Dreaded interview question no. 1: Facing a conflict

In the next few instalments of the jobs24 blog we are going to be tackling some of our most dreaded interview questions. We’ve all had one of those moments in an interview where you’re presented with a question which makes your mind go blank – hopefully these step-by-step guides will help you go into your next interview with the confidence to answer any question that’s thrown at you.Job_Interview_1

Preparing for an interview can seem like an impossible task. How can you guess what they will ask? What if they throw in a curveball question? The important thing to remember is that there aren’t as many questions as you might think – they just appear in different guises.

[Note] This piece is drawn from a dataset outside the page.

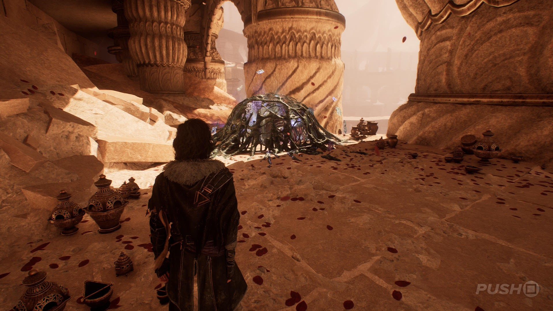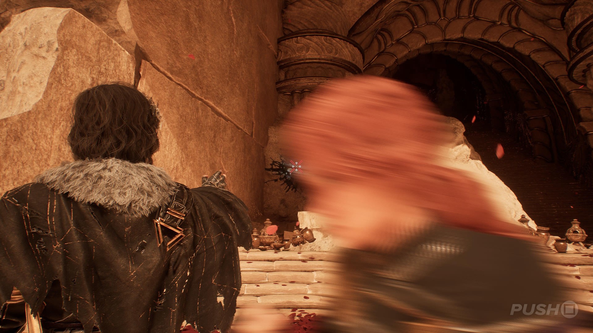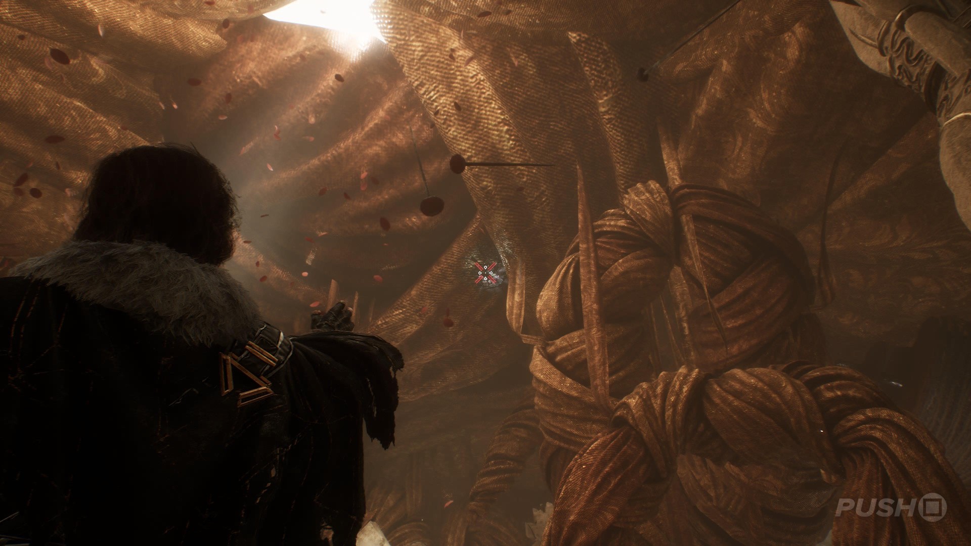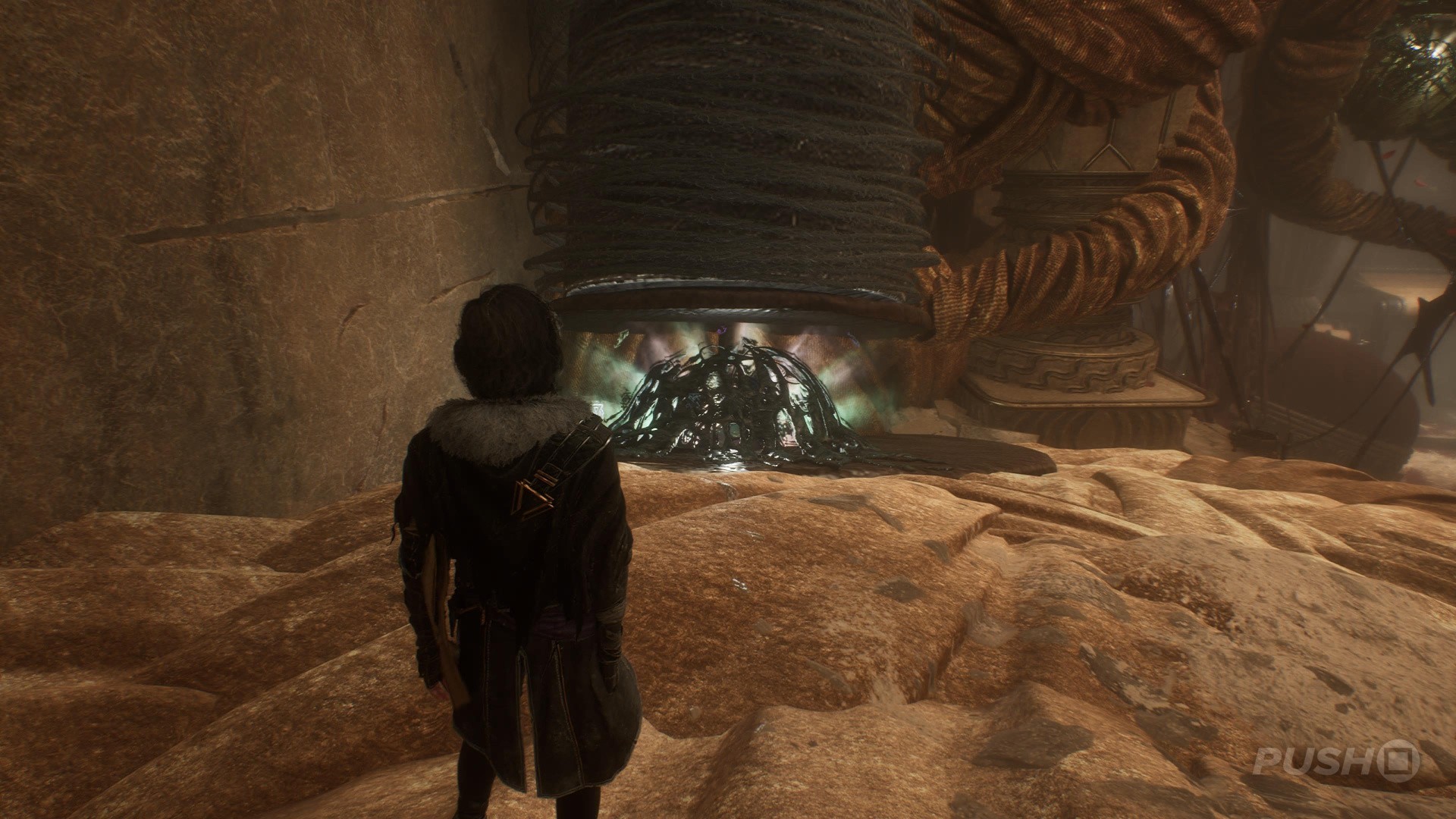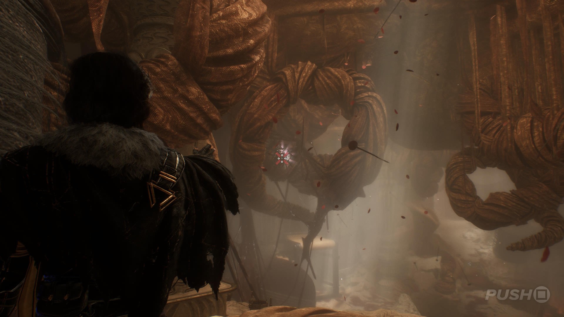 - In the room with the Tisseur boss, you can climb a path to the left of the entrance that leads you to the Paint Cage

Your interviewer might change the wordings but essentially they will only ask you five types of question:

  1. The conflict question
  2. The goal question
  3. The character questions
  4. The initiative question
  5. The opinion question

To begin with we will focus on the conflict question. This question can come in many different forms but in essence it just gives you a space to show off your interpersonal skills and problem solving ability. This can be a difficult question because in interviews we tend to focus exclusively on the positive. However it is important to acknowledge conflict and demonstrate that you can act professionally in difficult situations.

The best way to do this is to use the STAR method:

  1. Situation or Task: Remember to outline your situation in a clear and concise manner. The interviewer doesn’t need to know the boring details. Try and outline the situation or task that you were presented with in 4 or 5 bullet points only.
  2. Action: Here you should sum up the action that you took. It’s good to demonstrate communication skills. For example, ‘There had been a chain of miscommunications via email so I decided to talk with my colleague directly and listened carefully to what he/she had to say before explaining my own position in a calm, professional manner.’
  3. Result: It’s important to demonstrate pride in what you’ve achieved in your previous position. If you’re pleased with the way you diffused a situation then let it show! It is also helpful at this point to mention a positive outcome for the company. For example, ‘as a result of my efforts the company saw an increase in sales and I formed valuable working relationships.’

This is a great question to practice answering before an interview because it helps you prepare precise examples. Just remember the simple steps of the STAR method and your interview technique is sure to make you shine!